On Unix, exit status is unsigned, so this approach won't work if you ever have to run your program there, and this will confuse all your Unix programmers to no end. (I looked it up just now to make sure, and discovered to my surprised that Windows uses a signed exit status.) So I guess it will probably only mostly confuse your Windows programmers. :-)
I'd find another method to pass status between processes. There are many to choose from, some quite simple. You say "at the cost of a few WTF's on the programmers side" as if that's a small cost, but it sounds like a huge cost to me. Re-using an int in C is a miniscule benefit to be gained from confusing other programmers.
You need to go on a case by case basis. Think about the API and what you need to return. If your function only needs to return success or failure, I'd say give it an explicit type of bool (C99 has a bool type now) and return true for success and false for failure. That way things like:
if (!doSomething())
{
// failure processing
}
read naturally.
In many cases, however, you want to return some data value, in which case some specific unused or unlikely to be used value must be used as the failure case. For example the Unix system call open() has to return a file descriptor. 0 is a valid file descriptor as is theoretically any positive number (up to the maximum a process is allowed), so -1 is chosen as the failure case.
In other cases, you need to return a pointer. NULL is an obvious choice for failure of pointer returning functions. This is because it is highly unlikely to be valid and on most systems can't even be dereferenced.
One of the most important considerations is whether the caller and the called function or program will be updated by the same person at any given time. If you are maintaining an API where a function will return the value to a caller written by someone who may not even have access to your source code, or when it is the return code from a program that will be called from a script, only violate conventions for very strong reasons.

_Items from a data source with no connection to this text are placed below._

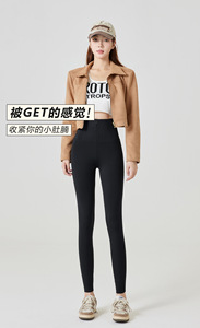 秋冬加绒打底裤高腰提臀紧身巴比裤拉链收腹粉绒排扣小脚鲨鱼裤女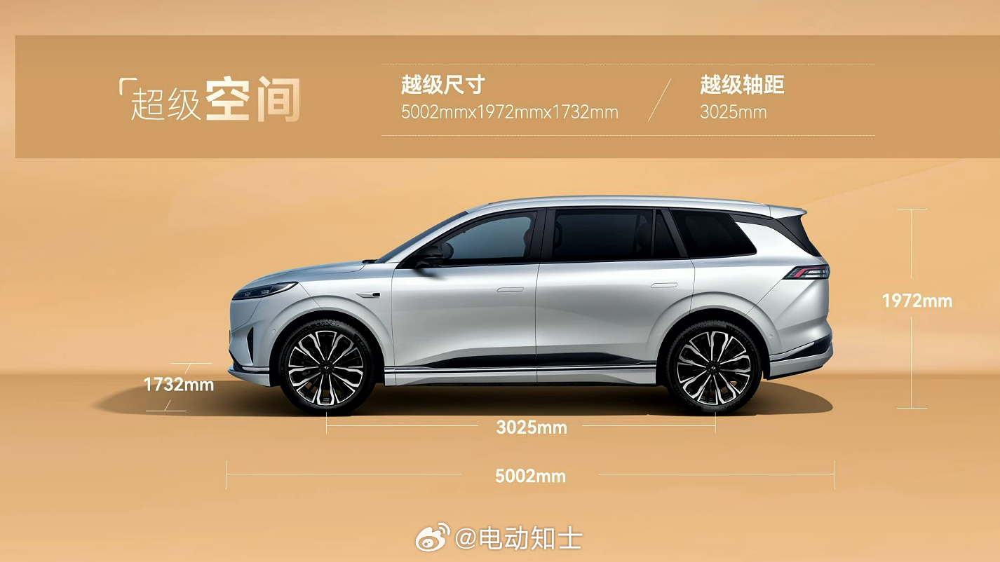 车身尺寸5002*1972*1732mm,轴距3025mm。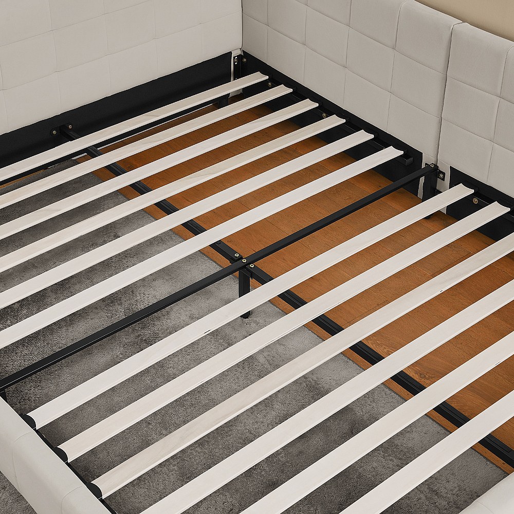 Divano letto140x200 cm con 2 cassetti contenitori e rete a doghe, bianco e legno - senza materasso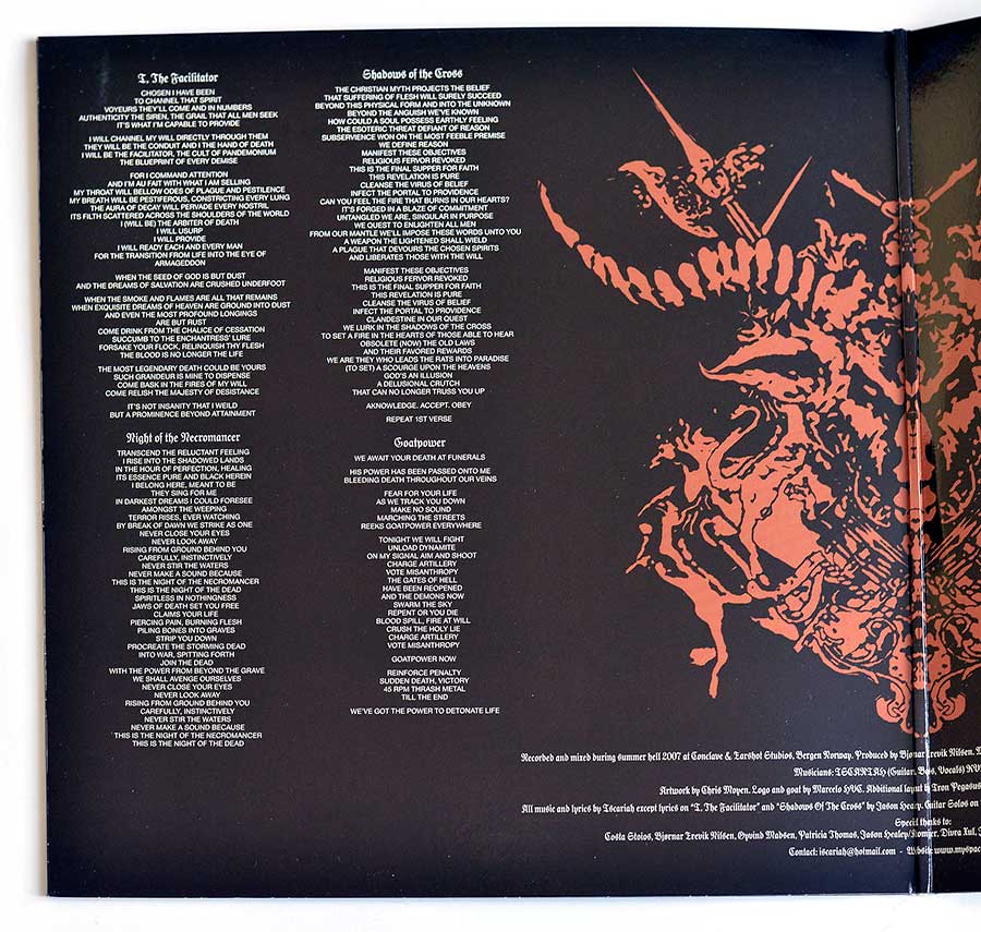 Recorded and Mixed at: Conclave & Earshot Studio, Bergenn, Norway Summer, 2007 ( Conclave & Earshot Studio is a recording studio in Bergen, Norway. In 2007 this facility was used to record: DEAD TO THIS WORLD's First Strike for Spiritual Renewance ) Sound mix by: Bjørnar Erevik Nilsen, Iscariah, Kvitrafn Mastering by: The Cutting Room (The Cutting Rom is a New York Mastering, mixing and tracking Recording Studio.) Artwork: Chris Moyen (Christophe Moyen is a French artist and graphic designer who focused on metal releases. Working since 1990.) Marcelo Hvc (real name: Marcelo Vasco) Marcelo has done the artwork for dozens of Metal bands. |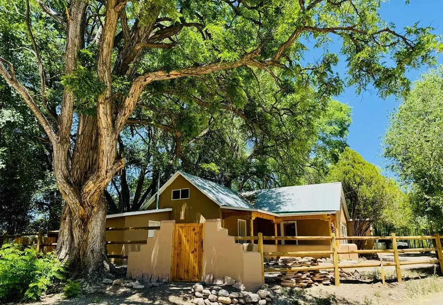 Historical, intriguing and magical. This unearthed treasure in Chimayo. Imagine families pouring dirt and water into small wood frames to create an adobe (mud block). Mixing in straw to the mud of the adobe blocks to create strong durable walls. A century ago, the families would build with double adobe walls, creating a stronghold for their families. Adobe block. No chemicals. Only the earth's ingredients itself. Next, as many families in this small community would do, they would either go to the nearby Carson National Forest and collect the lumber that would be cut into flooring or placed above ceilings in rafters known as vigas. A horse ride to nearby Santa Fe to collect glass for doors and windows and steel roofing. Now, a home build not to last one century, but many centuries! So solid inside the home, you would feel like you're in paradise. This adobe home, built in the 1900's by the local Trujillo family, well-known weavers and carvers. A local man named Cordova, came in, saw its potential and slowly and meticulously brought it back to life. Step by step. Placing a true value on a home like this is immeasurable. It is a timeless treasure blending historical charm. With daily improvements and renovations, 2,300 sq ft haven features 3 bedrooms, 1 bath, 2 living areas, and a studio. A rare chance to own a piece of New Mexico's rich heritage. Step inside to discover traditional Vigas-wood beams harvested from the nearby Carson National Forest-gracefully curved adobe walls, and natural wood floors that echo the region's storied past. A charming portal and quaint courtyard invite you to savor outdoor living. Handcrafted wooden doors and a custom gate by "Las Puertas de Santa Fe," adorned with intricate iron details, and a durable tin roof add to the home's rustic allure. The courtyard is modeled after the Santuario De Chimayo Church. Almost completed and only needing kitchen cabinets. Daily work continues. It's almost like unearthing a historic treasure.

You are talking about passing information across a boundary between different layers of abstraction. Violating the convention ties both the caller and the callee to a different protocol increasing the coupling between them. If the different convention is fundamental to what you are communicating, you can do it. If, on the other hand, it is exposing the internals of the callee to the caller, consider whether you can hide the information.